Mumbai: India’s rupee fell the most in seven weeks on speculation importers are taking advantage of the currency’s recent strength to buy dollars.

The rupee rallied 1.4 per cent in September, the best performance among 24 emerging-market exchange rates tracked by Bloomberg. It has advanced 0.6 per cent this month as India remained insulated from China’s economic woes and amid optimism capital inflows will rise after the nation relaxed curbs on foreign ownership of its debt.

“It is a great opportunity for importers to rake up dollars at attractive levels,” said Subramanian Sharma, a director at Mumbai-based Greenback Forex Services Pvt. “The rupee gains were more than warranted.”

The rupee weakened 0.7 per cent to 65.1850 a dollar in Mumbai, the most since August 24, prices from local banks compiled by Bloomberg show.

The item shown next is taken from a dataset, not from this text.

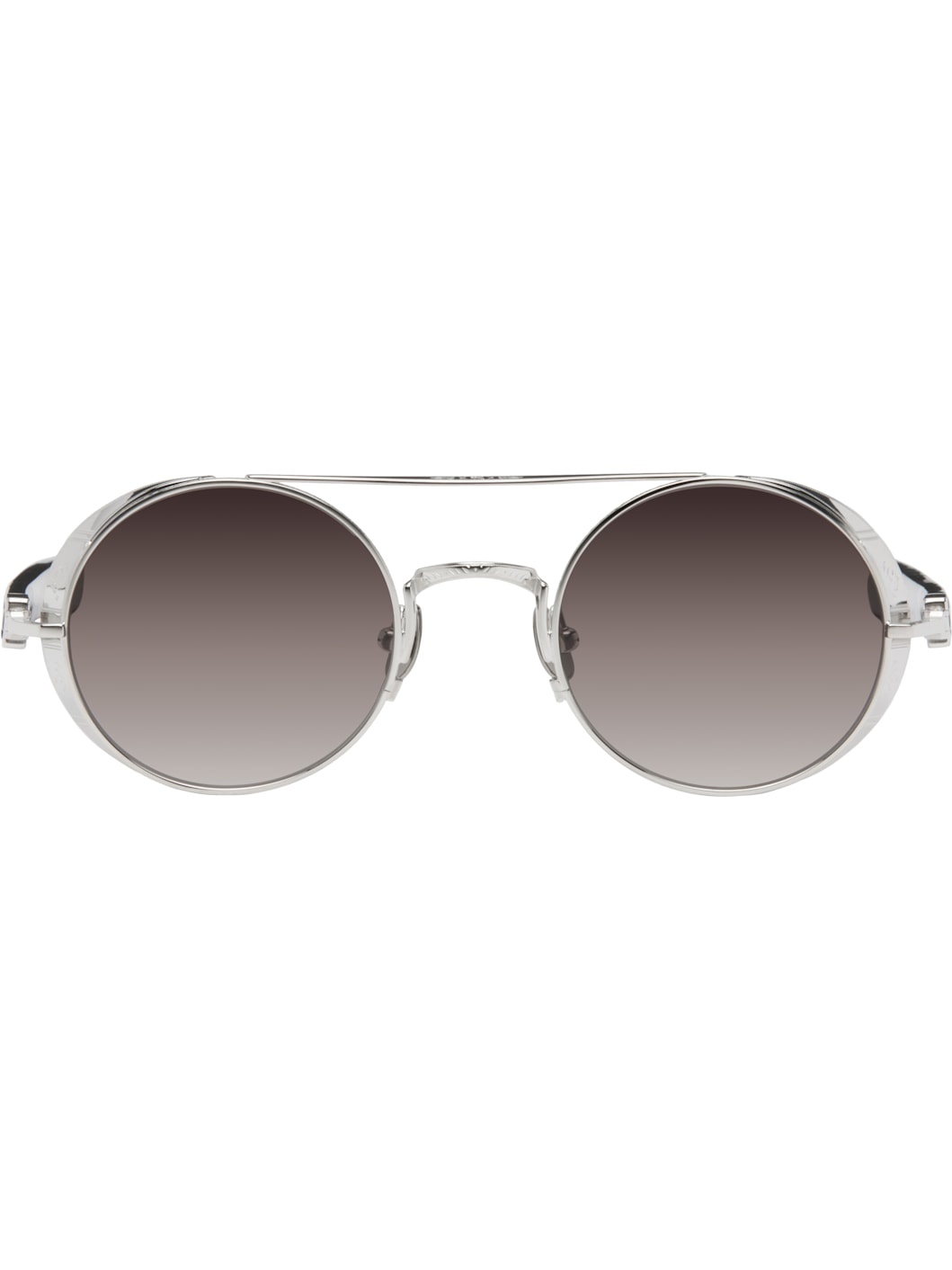 Handcrafted round titanium- and acetate-frame sunglasses in silver tone. · Filigree detailing and logo pattern throughout · Top bar · Gradient black lenses · Adjustable titanium nose pads · Logo hardware at temple tips · Includes case · Size: 48.22 135 Supplier color: Palladium white Titanium, acetate. Made in Japan 252167M134022

Regional currencies halted a seven-day run of gains Tuesday as a sharper-than-predicted drop in Chinese imports added to signs the world’s second-largest economy is slowing.

The yield on local sovereign bonds due May 2025 fell two basis points to 7.56 per cent, according to prices from the Reserve Bank of India’s trading system. India is said to have sold all of the 56 billion rupees ($861.7 million; Dh3.17 billion) of debt quotas to foreign investors on Monday, enabling them to buy more of the nation’s sovereign notes, people familiar with the matter said, asking not to be identified as they aren’t authorised to speak to the media.

India’s inflation accelerated as RBI Governor Raghuram Rajan looks to maintain an accommodative monetary policy stance. Consumer prices rose 4.41 per cent in September from a year earlier, after a revised 3.74 per cent increase in August, a report showed after the close of markets on Monday. Rajan has cut the benchmark repurchase rate by 125 basis points this year to 6.75 per cent.